Task prompt
Reproduce the listing below from the line with "(14) ronce de noyer" to the line with "Na het kiten even het zoute water afspoelen.", both lines included, character for character, minus any pictures.

Records to process
:::
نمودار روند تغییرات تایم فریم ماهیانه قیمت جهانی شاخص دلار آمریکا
:::
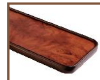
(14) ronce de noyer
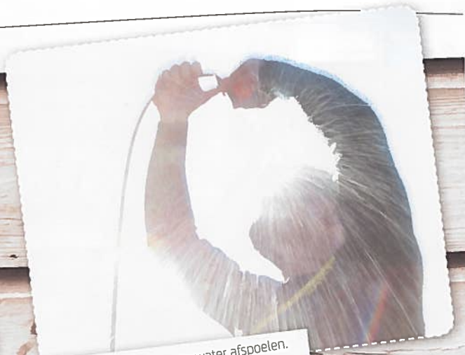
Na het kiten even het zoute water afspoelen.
:::
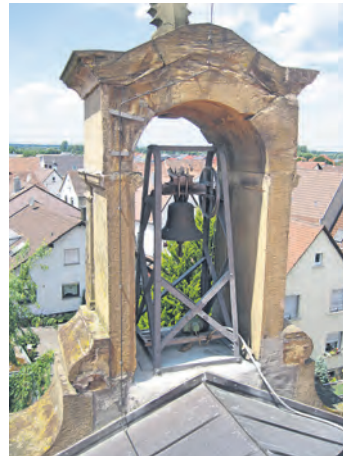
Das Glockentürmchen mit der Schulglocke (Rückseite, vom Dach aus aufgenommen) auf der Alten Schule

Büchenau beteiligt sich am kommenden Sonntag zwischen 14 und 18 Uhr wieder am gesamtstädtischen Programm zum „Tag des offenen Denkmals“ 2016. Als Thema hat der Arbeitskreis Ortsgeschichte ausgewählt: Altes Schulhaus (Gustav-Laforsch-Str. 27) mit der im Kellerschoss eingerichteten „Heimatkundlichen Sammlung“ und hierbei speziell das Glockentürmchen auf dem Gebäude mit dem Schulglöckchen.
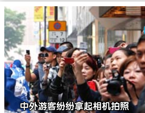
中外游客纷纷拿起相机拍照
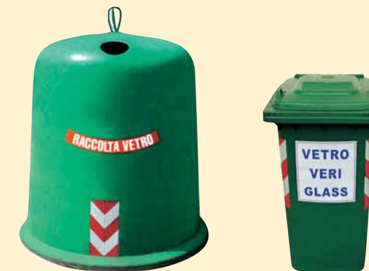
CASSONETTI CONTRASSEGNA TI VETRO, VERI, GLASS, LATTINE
:::
Solution to this exercise
(14) ronce de noyer
Na het kiten even het zoute water afspoelen.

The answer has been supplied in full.